16 Kommentare zu Danke für nichts. 5 Fälle, in denen DSA-Autoren Spielleiter im Stich lassen

  1. Ich sage nur „A193 – An fremden Gestaden“. Eine Reise nach Uthuria und dessen Erkundung in 3,5 Kapiteln an dem ich schon seit… 4 Jahren mit meiner Gruppe spiele, weil der Großteil des Abenteuers aus Texten zu einer Wirtschafts- und Basisbau-Simulation besteht. Und der Rest ist gefüllt mit vagen Beschreibungen von Geschehnissen und Rahmenhandlungspunkten.
    Meine Gruppe hat durchaus Spass mit dem Abenteuer, aber als SL ist es wirklich wirklich schwer und zeitaufwendig daraus etwas zu machen.
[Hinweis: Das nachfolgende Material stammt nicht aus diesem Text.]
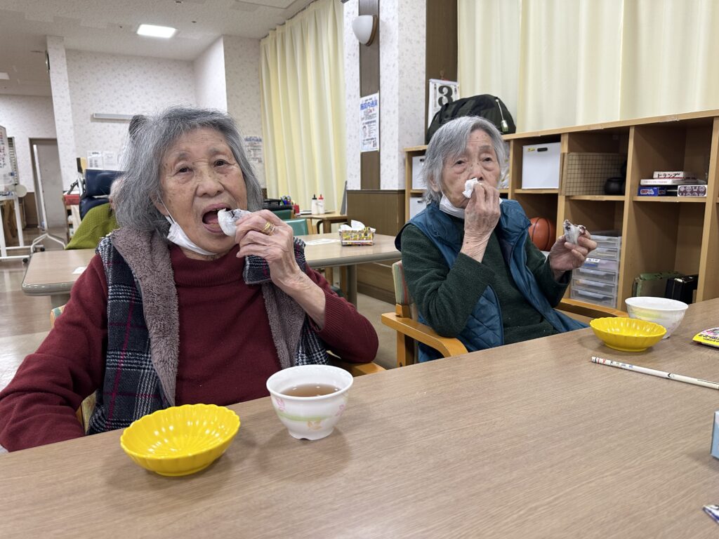 豆まきの後は、節分の豆にちなんだ“豆大福”のおやつタイム。「鬼よりこっちが楽しみ」との声も聞こえ、和やかなひとときを過ごしていただきました。
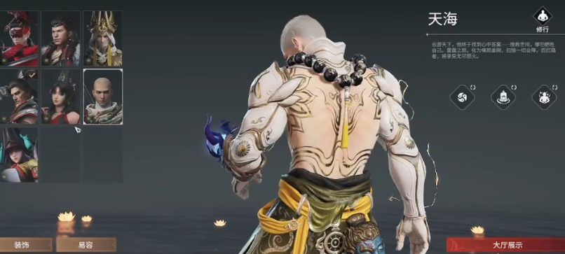 天海的技能设计兼顾防御与反打,操作门槛低且团队贡献稳定。他的金钟罩可反制普攻并触发反击,混战中能充当团队屏障。大招金刚伏魔的抓取机制简单粗暴,抓取敌人摔砸可造成范围伤害并回复自身血量,为新手提供充足的试错空间。武器搭配建议选择阔刀,其磐石架势能格挡对手普攻并立刻反击,操作直观且收益稳定,避免初期使用连招复杂的匕首或双刀。

  2. Die Quanionsqueste ist voll von solchen Nullinformationen in den Meisterhinweisrb, dafür – DSA-typisch – voller irrwitziger Details, die man für den Rest „dringend im Kopf behalten“ soll. War für mich der Abgewöhner des Spielleitebs,

  3. Sehr schöner Artikel – da greifst du einen ebenso äußerst wichtigen wie häufig sehr schwachen Punkt von Kaufabenteuern (vor allem) auf. Man könnte die Liste sicher noch sehr lange verlängern und das ganze nicht nur auf DSA eingrenzen. Bei „Contact – Schrecken aus der Tiefe“ z.B. besteht praktisch die ganze „mitgelieferte Kampagne“ leider nur aus einem mehrseitigen Handlungsexposé ohne spielpraktische Details.

    Letztlich aber wahrscheinlich schwierig zu entscheiden, wo die Frage des Geschmacks aufhört und die des guten Handwerks beginnt; und welche fehlenden Informationen vom individuellen SL / Autor als relevant erachtet werden, ist wahrscheinlich nicht immer so einfach zu beantworten wie beim genannten „Masken der Macht“ – hier klingt es fast eher nach „hey, Dein Abenteuer ist vier Seiten zu lang. Kürz‘ mal.“.

  4. Hey,

    ja, solche Aussagen und Hausarbeiten gibt es einige. Gott sei Dank nimmt die Anzahl derer jedoch ab. Also über DSA 1 darfst dann gar nicht berichten und über DSA 2… was sind da lustige Abenteuer drin, die .. nennen wir es mal… ausbaufähig sind in Ihrer Beschreibung den Meister zu helfen.

    Marco

    1. Ja, die alten Schinken sind schon jenseits von grenzwertig. Ich hatte kürzlich Das Schiff der verlorenen Seelen in Händen. Das Abenteuer ging nach seitenweise Vorlesetext los mit: „Letzte Nacht war ein heftiger Sturm, deshalb nehmt ihr alle erstmal Schaden.“ – Das passiert, bevor die Spieler auch nur irgendeine Möglichkeit hatten, zu handeln, oder Entscheidungen zu treffen. Von daher kommend, ist es fast ein Wunder, dass die DSA-Abenteuer irgendwann mal spielbar wurden.

    1. Den Bereich „Worst of“ auf deiner Seite wollte ich gerade mal durchstöbern, aber ich bin bei dem Renault-D&D-Video hängen geblieben und ich füchte, jetzt habe ich erstmal genug vom Internet. Und von Fantasy. Ich geh wieder ins Bett. Gute Nacht.

  5. Ich möchte übrigens hinzufügen, dass diese Nicht-Ausarbeitungen wirklich in den besten Abenteuer vorkommen. Erben des Zorns wird im Artikel schon genannt – das habe ich einmal als Vorabenteuer zur Drachenchronik gemeistert, was im Ganzen Spaß gemacht hat, aber eben auch eine Menge Arbeit erforderte. Nahtlos in diese Reihe fügt sich das Finalabenteuer der Quanionsqueste, das zwar an vielen Stellen liebevoll ausgearbeitet ist, aber nach dem Aufhänger – als Reminiszenz an das Finale von Masken der Macht, nehme ich an – den Weg ins Finalabenteuer ebenfalls in einem Absatz abhandelt.